**Data:**
☆ ☆ ☆ ☆ ☆
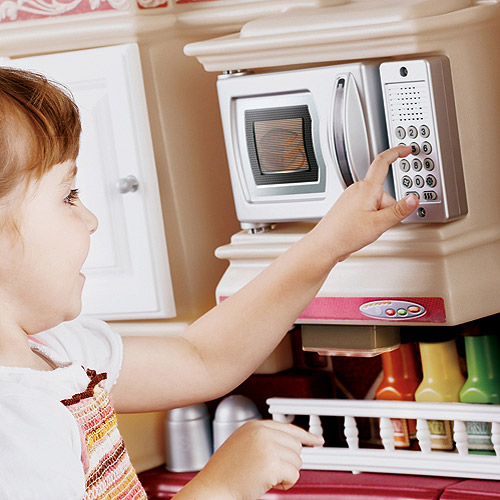 * ”Stainless Steel” oven, microwave and refrigerator enhance role-play and provide valuable storage of playtime accessories
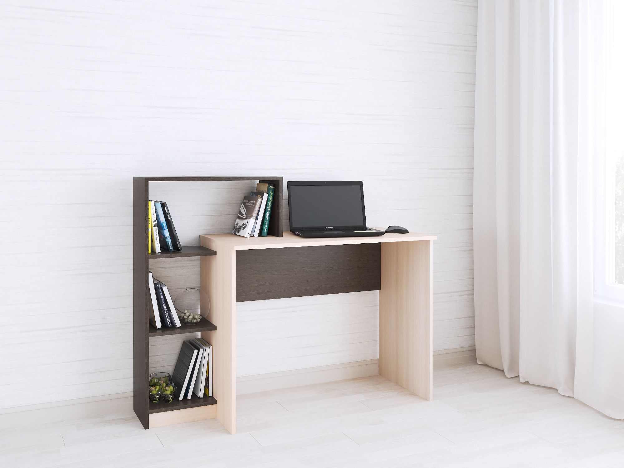 Компьютерный стол Квартет-2 сочетает в себе преимущества просторного письменного стола и вместительного стеллажа, превращаясь тем самым в полноценное рабочее место. На столе хватит места для ноутбука и настолько лампы, а на открытых полках - для книг, канцелярии и различных мелочей, которые необходимо иметь под рукой во время рабочего процесса. Пластиковые подпятники на опорах защитят напольное покрытие от деформации и царапин.
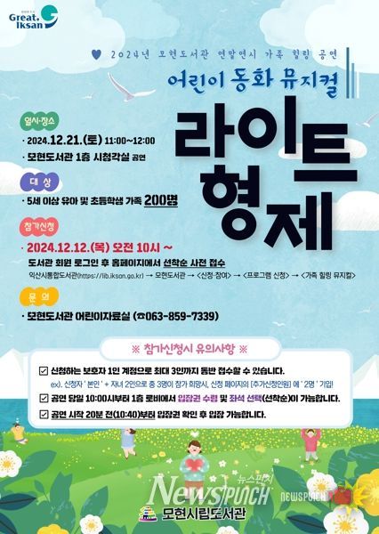 도서관 관계자는 "연말을 맞아 온 가족이 즐길 수 있는 특별한 공연을 준비했다"며 "많은 어린이가 이번 공연을 통해 도서관에서 행복한 추억을 만들고 한 해를 희망차게 마무리하길 바란다"고 전했다.
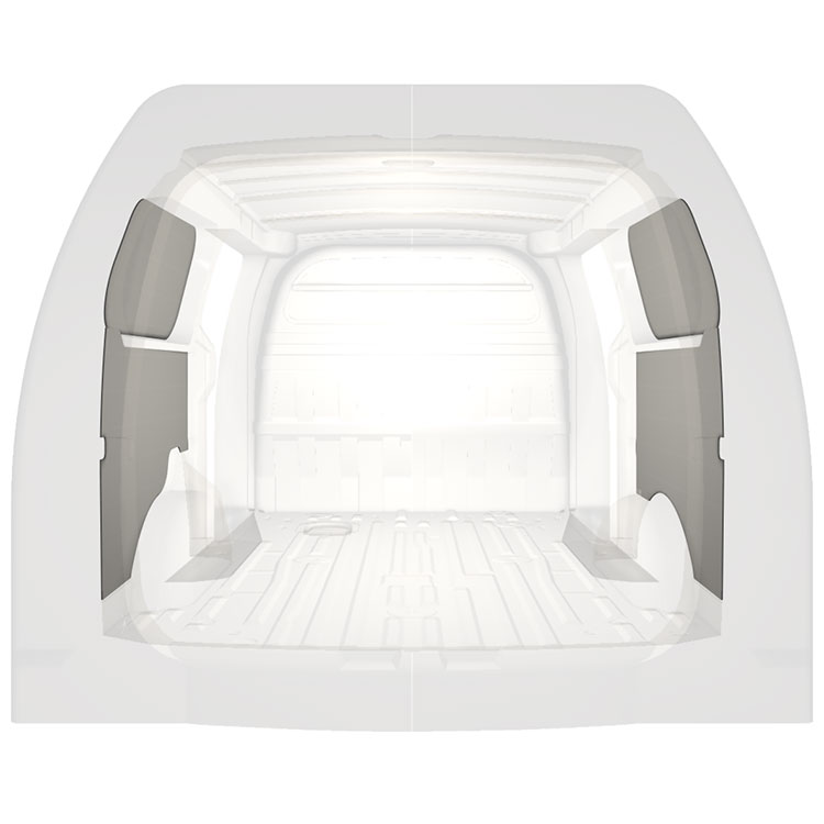 Ligeiro revestimento pré-cortado para as paredes interiores do Hyundai H1 comportas duplas laterais. O revestimento cria um ambiente trabalho luminoso e agradável e é fácil de limpar.
☆ ☆ ☆ ☆ ☆
**What is required:**
Everything from the line that contains "Компьютерный стол Квартет-2" to the final line of the data is to be duplicated exactly, both ends included, except the pictures.

**Worked solution:**
 Компьютерный стол Квартет-2 сочетает в себе преимущества просторного письменного стола и вместительного стеллажа, превращаясь тем самым в полноценное рабочее место. На столе хватит места для ноутбука и настолько лампы, а на открытых полках - для книг, канцелярии и различных мелочей, которые необходимо иметь под рукой во время рабочего процесса. Пластиковые подпятники на опорах защитят напольное покрытие от деформации и царапин.
 도서관 관계자는 "연말을 맞아 온 가족이 즐길 수 있는 특별한 공연을 준비했다"며 "많은 어린이가 이번 공연을 통해 도서관에서 행복한 추억을 만들고 한 해를 희망차게 마무리하길 바란다"고 전했다.
 Ligeiro revestimento pré-cortado para as paredes interiores do Hyundai H1 comportas duplas laterais. O revestimento cria um ambiente trabalho luminoso e agradável e é fácil de limpar.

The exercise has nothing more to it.